Norwegian oil rig (archive picture): The sovereign wealth fund feeds on oil revenues
Photo: DPA / Norwegian Statoil
The head of the Norwegian oil fund expects a prolonged period of weakness in the international financial markets.
“We are preparing for a decade of lower returns.
Perhaps it will even be negative, "said Nicolai Tangen of the" Frankfurter Allgemeine Sonntagszeitung "(" FAS ") according to a previous announcement.
Norway's pension fund currently has a market value of around 1.2 trillion euros, making it the largest sovereign wealth fund in the world. It is fed with money from oil and gas production, administered by the central bank on behalf of the Treasury, and invests in thousands of companies worldwide, including large corporations such as Microsoft, Apple and Amazon.
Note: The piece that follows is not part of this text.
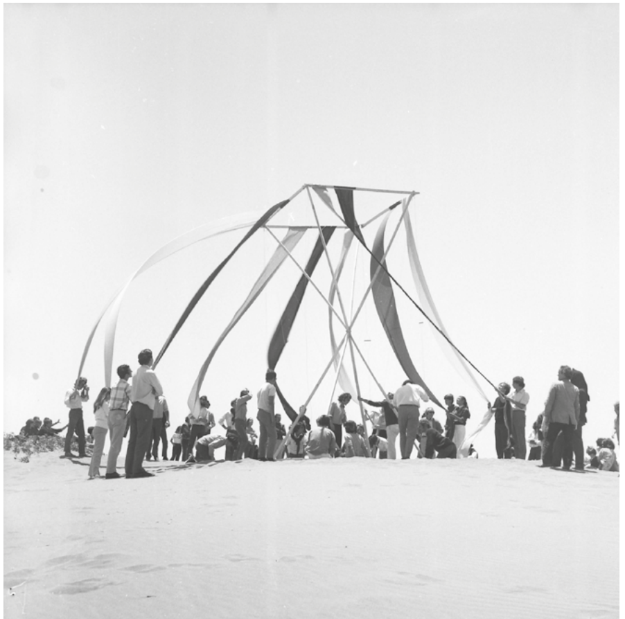
06. Ciudad Abierta, Atto di apertura poetica dei terreni | Ciudad Abierta, Act of poetic opening of the land. 1971.

In tal senso, la persistenza della Ciudad Abierta di Amereida – in quanto espressione materiale dinamica di un manifesto programmatico operativo che si ancora nelle relazioni che gli uomini e le donne stabiliscono con i loro territori – sembra offrire, soprattutto oggi, in mezzo al deserto dei meschini pensieri che travisano i concetti di identità e appartenenza a un luogo, una via altra per l'articolazione e la sintesi della contrapposizione dialettica tra diversi, tra ambienti e culture, tra architettura e vita.*

Around 70 percent of the assets are invested in shares, which also makes the Norwegians the largest single shareholder in the world.
According to the report, the fund has achieved an average return of 6 percent on its investments over the past 25 years.
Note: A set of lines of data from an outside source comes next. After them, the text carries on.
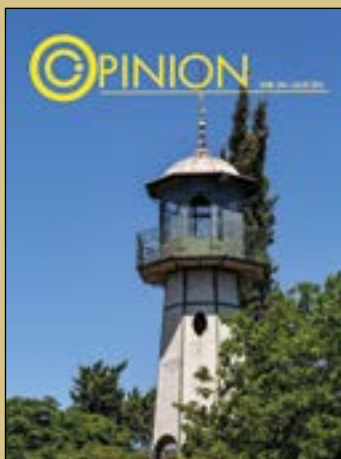
Fotografía de portada: "Mirador de Cacho" Julio 2021 Ana Martín Padellano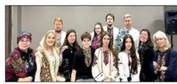
Фолкльорно Театральна Група 128-го відділу СУА

Програма з участю мистецьких гуртів Філядельфійської громади.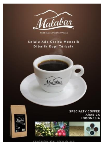
5.2 Poster Kopi Malabar Indonesia

"It will not go on like this," Tangen told the FAS. "The future will be less attractive to us than the past." The greatest danger for the stock and bond markets is inflation.
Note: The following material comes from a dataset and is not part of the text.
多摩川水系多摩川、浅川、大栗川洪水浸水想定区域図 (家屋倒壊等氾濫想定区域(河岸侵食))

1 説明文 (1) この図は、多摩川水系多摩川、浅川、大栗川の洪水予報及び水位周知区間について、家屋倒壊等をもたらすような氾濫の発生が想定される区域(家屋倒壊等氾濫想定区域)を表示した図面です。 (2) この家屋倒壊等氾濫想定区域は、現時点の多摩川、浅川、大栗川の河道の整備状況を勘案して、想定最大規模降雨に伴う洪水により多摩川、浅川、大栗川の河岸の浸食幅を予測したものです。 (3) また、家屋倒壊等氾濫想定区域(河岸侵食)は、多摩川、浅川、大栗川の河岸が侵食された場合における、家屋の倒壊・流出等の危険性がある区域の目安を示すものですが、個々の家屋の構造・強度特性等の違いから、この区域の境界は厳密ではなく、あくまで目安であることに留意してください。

"I think this will have far more serious consequences than is currently assumed."
In Germany, the fund holds stakes in the Volkswagen car group, where it recently voted against the discharge of the board of directors and the supervisory board.
Tangen said: "We have clearly well-founded doubts about the actions of these bodies." The management of VW knows what it is about in detail;
in public, however, he does not want to discuss the criticism in detail.